# WHAT THE TASK ASKS
Look through the material for lines with the word "your", and copy each one.

━━━━━ COLLECTED MATERIAL

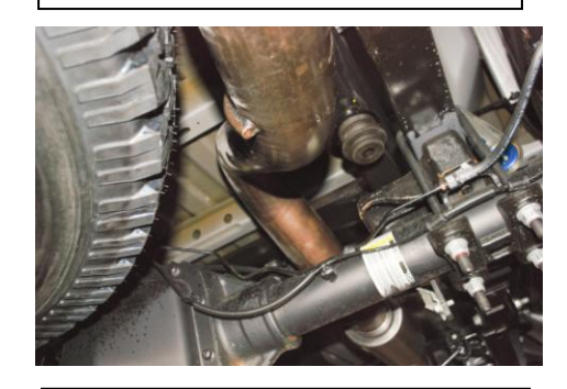
6. With proper clearance from spare tire install the exhaust tip onto the tailpipe. The system was designed to have the tip 1" below the quarter panel of the vehicle. With the tip in your desired position begin to tighten down all clamp connections from the front head pipe back.
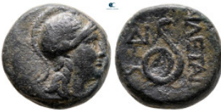
260 Kings of Pergamon. Pergamon. Philetairos 282-263 BC. Bronze Æ 15 mm, 5,30 g very fine 10
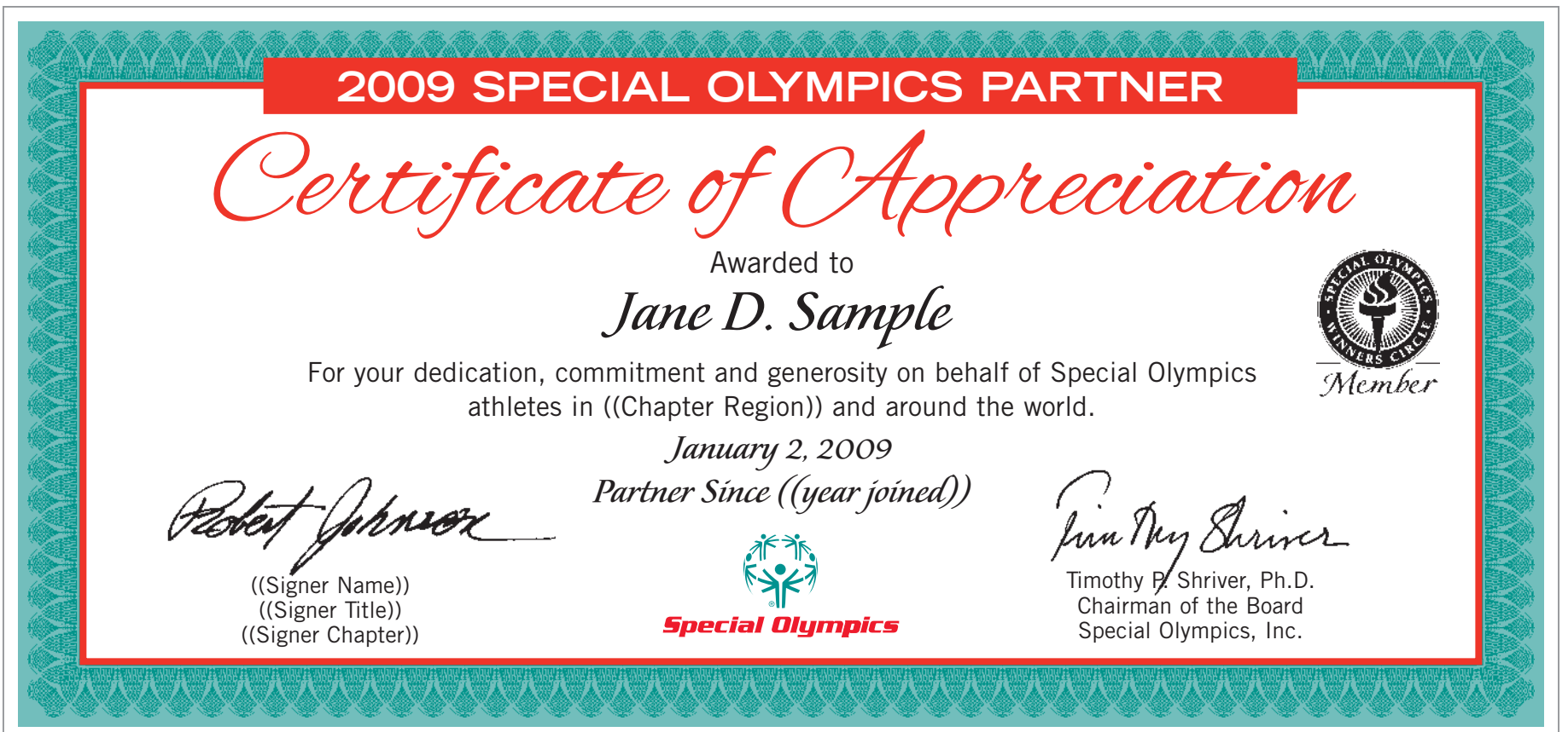
Moore Certificate size: 9-1/2" x 4-1/2" Colors: 2C - PMS 327 Green, PMS 485 Red

Awarded to: Trade Gothic 13/28 Donor Name: Florens 30/25 (space after is: 8pt leading) For your: Trade Gothic 12/15 Date/Partner: Florens LP 18/19 Signatures & WC logo: provided as TIFF images Signer Info: Trade Gothic 10/11

━━━━━━━━━━

# RESULT BELOW
6. With proper clearance from spare tire install the exhaust tip onto the tailpipe. The system was designed to have the tip 1" below the quarter panel of the vehicle. With the tip in your desired position begin to tighten down all clamp connections from the front head pipe back.
Awarded to: Trade Gothic 13/28 Donor Name: Florens 30/25 (space after is: 8pt leading) For your: Trade Gothic 12/15 Date/Partner: Florens LP 18/19 Signatures & WC logo: provided as TIFF images Signer Info: Trade Gothic 10/11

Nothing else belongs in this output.